Microzooplankton is able to compete with copepods for the same food and to exploit food stocks more efficiently due to their fast metabolic abilities and growth rates (Hansen 1992; Sherr and Sherr 2007; Aberle et al. 2007). They in turn are preferred food for higher trophic levels, e.g. mesozooplankton, even if phytoplankton is available in high numbers but with a low food quality (Hansen et al. 1993). Although the degree of herbivory differs between copepod species (Maar et al. 2004), microzooplankton contributes as a substantial part to copepods’ diets and it is often positively selected (Nejstgaard et al. 1997; Fileman et al. 2007). Gifford and Dagg (1988) showed for the copepod Acartia tonsa that even when microzooplankton was present in low concentrations (3% of total carbon) it made up to 41% of the copepods diet. Grazing on microzooplankton by copepods can result severe trophic cascade effects. The release of microzooplankton grazing pressure can promote nanoflagellates, an important prey of ciliates, and thus affect bacterial abundance negatively as bacteria are the main food source of nanoflagellates (Zöllner et al. 2009). Even more pronounced effects were reported for chlorophyll a concentrations: copepod grazers reduced microzooplankton biomass and led to overall higher chlorophyll a concentrations due to the release of small sized flagellates from microzooplankton grazing (Sommer et al. 2003, 2005a, b).
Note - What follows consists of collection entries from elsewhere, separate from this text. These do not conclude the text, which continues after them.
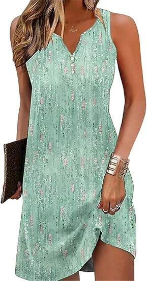Material: 95%Polyester,5%Spandex.Skin-Friendly,Breathable,Nice and more of a soft stretchy feel.Not see through,Not shrinkage,Lightweight,Ideal for summer weather. Features:This dress features a V-neck,Sleeveless,Floral Print design.The A-line silhouette flatters all body shapes.Ideal for vacation or everyday wear,Is a must-have for the fashion-forward woman. Occasion: Whether you're heading to the beach,A dinner out,Or a casual day of shopping,This dress is versatile enough to suit any occasion.Pair it with sandals for a laid-back look or dress it up with heels and accessories for a more polished ensemble. Attention:Machine or hand wash with cold water/Hang or line dry/No bleach. Please forgive the slight color difference caused by different computer and mobile phone monitor settings.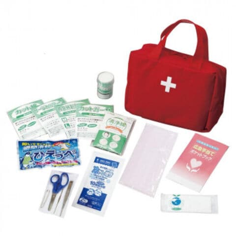 | セット内容 | 救急バッグ、カット綿×3枚、カットガーゼ×3枚、包帯、救急絆創膏2サイズ×3枚、サージカルテープ、清浄綿2枚入×3包、ハサミ、ピンセット、耳かき、毛抜き、熱救急シート2枚、冷却パック、ECO便利バッグ、マスク、応急手当ポケットブック |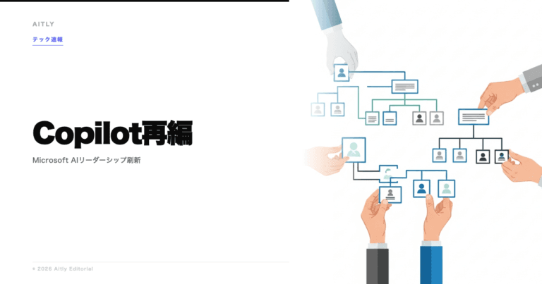 MicrosoftはCopilot部門を大規模に再編し、元Snap幹部のJacob Andreou氏をExecutive Vice President(EVP)に任命。消費者向け・法人向けの両Copilotを一本化して指揮させる。Mustafa Suleyman氏(Microsoft AI CEO)はCopilotの日常管理から離れ、次世代モデル「超知能」開発に集中する体制へと移行した。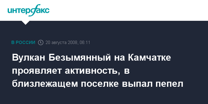 Петропавловск-Камчатский. 20 августа. ИНТЕРФАКС-ДАЛЬНИЙ ВОСТОК - Вулкан Безымянный на Камчатке начал извергаться. Во вторник около 23:30 по местному времени (14:30 мск) из его кратера произошел газо-пепловый выброс.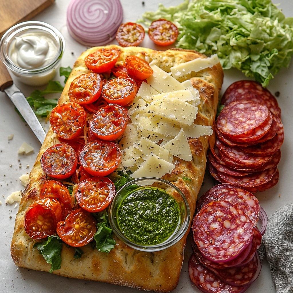 Spread the pesto generously over the bottom half of your focaccia—it’s the flavor base that really brings everything together. Next, layer your slices of uncured calabrese salame and capocollo evenly, making sure every bite will have a bit of that savory punch. Add the provolone cheese on top; its mild creaminess contrasts beautifully with the slightly spicy meats.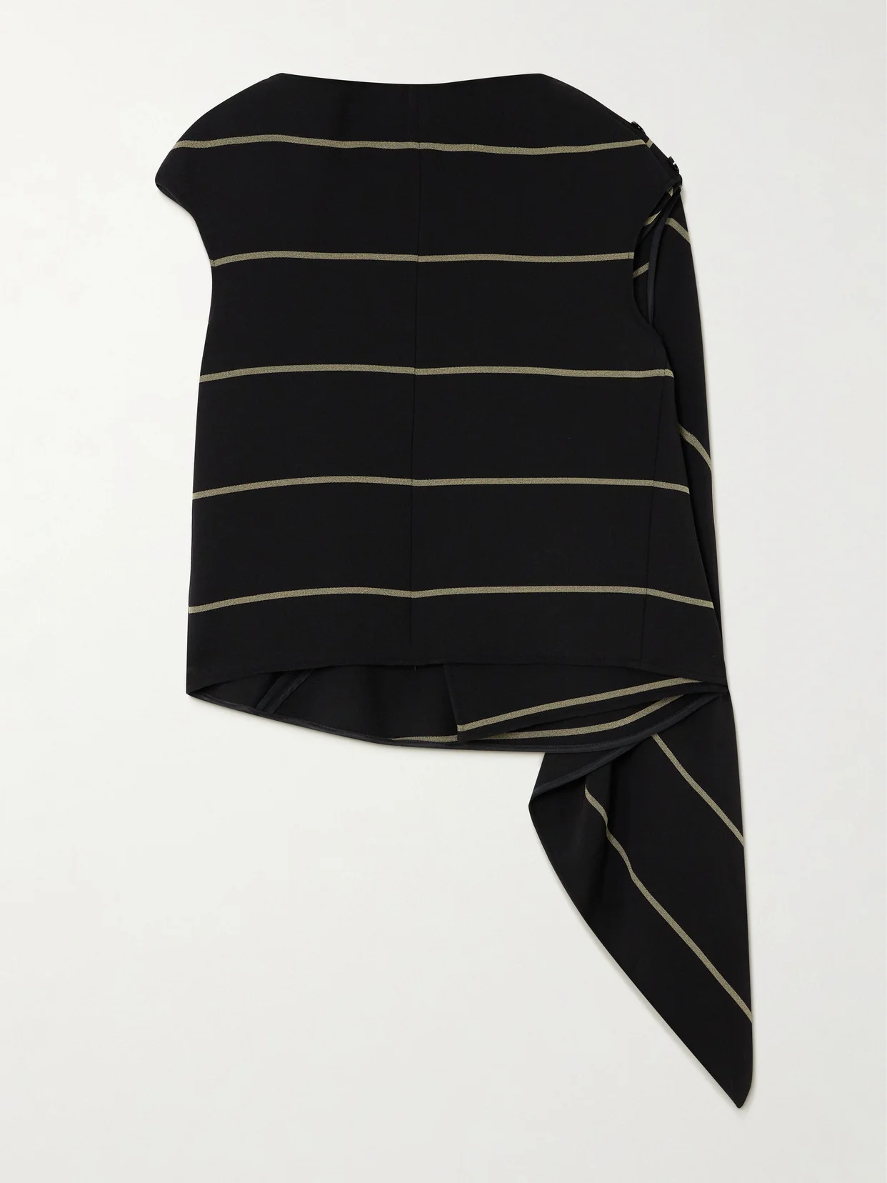 Sutton Button-detailed Asymmetric Paneled Striped Crepe Top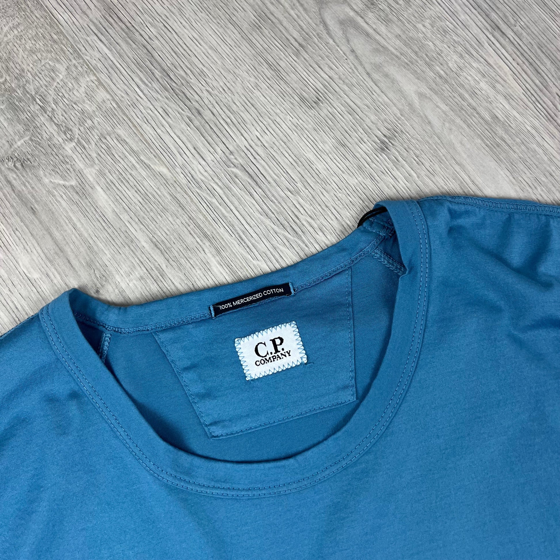 Aegean Blue CP Company Mercerized 70/2 Light Jersey T-Shirt with small logo print central on the chest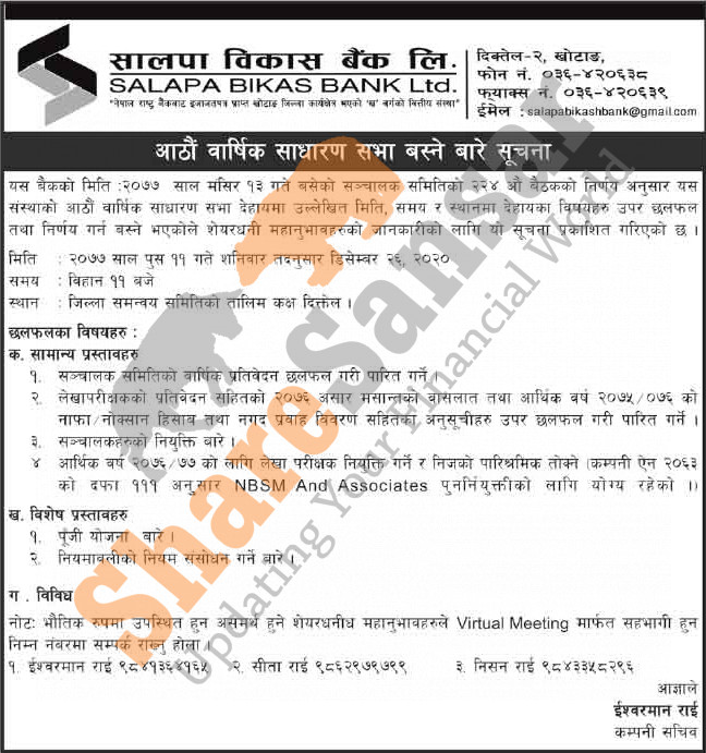 Salapa Bikas Bank Limited has announced its 8th AGM going to be held on 11th Poush, 2077.

Trophic upgrading of food by heterotrophic protists (Martin-Creuzburg et al. 2005; Tang and Taal 2005; Bec et al. 2006) has been demonstrated. Data also show that protozoan grazers can compensate stoichiometric imbalances to a certain extent when they feed on low quality food (Malzahn et al. 2010). This fact, as well as their capacity to synthesise highly unsaturated fatty acids and sterols makes them good quality food from a copepod perspective (Klein Breteler et al. 1999; Tang and Taal 2005). With decreasing phytoplankton food quality in our experiments T. longicornis changed its diet gradually from phytoplankton-dominated to microzooplankton-dominated over the course of the bloom. Hence, we observed high positive selection for microzooplankton species, especially larger dinoflagellates and ciliates. This is in contrast to a laboratory study by Jakobsen et al. (2005) where T. longicornis showed no selectivity when offered mixed prey including a ciliate. Koski et al. (2005) found only a weak selectivity in T. longicornis during a mesocosm Phaeocystis globosa bloom. However, studies cited in Koski et al. (2005) provided evidence for a selective feeding capability of T. longicornis, especially a positive selection for microzooplankton, dinoflagellates and ciliates. Given the fact that copepod species like T. longicornis positively select for microzooplankton and can have a severe grazing impact on microzooplankton we assume that microzooplankton biomass can be top-down controlled by copepod grazing during spring bloom situations at Helgoland Roads if the density of predators is high enough.

Conclusions

  1. 1.

    Microzooplankton reacted quickly to enhanced prey availability and its high grazing rates contributed to a decrease to pre-bloom concentrations of phytoplankton.

  2. 2.

    Microzooplankton was the more efficient phytoplankton grazer when compared with copepods.

  3. 3.

    Selective grazing by microzooplankton supported a bloom of less-favoured phytoplankton species and stabilised the shares of bloom-forming species during the course of the bloom.

  4. 4.

    Ciliates responded with rapid growth and mortality to differences in prey availability, leading to a short but large peak. Dinoflagellates had a broader food spectrum and lower growth and mortality rates, which led to a longer duration of the dinoflagellate bloom.

  5. 5.

    As a substantial part of the copepods’ diet microzooplankton became more important with decreasing food quality of the phytoplankton during the course of the bloom.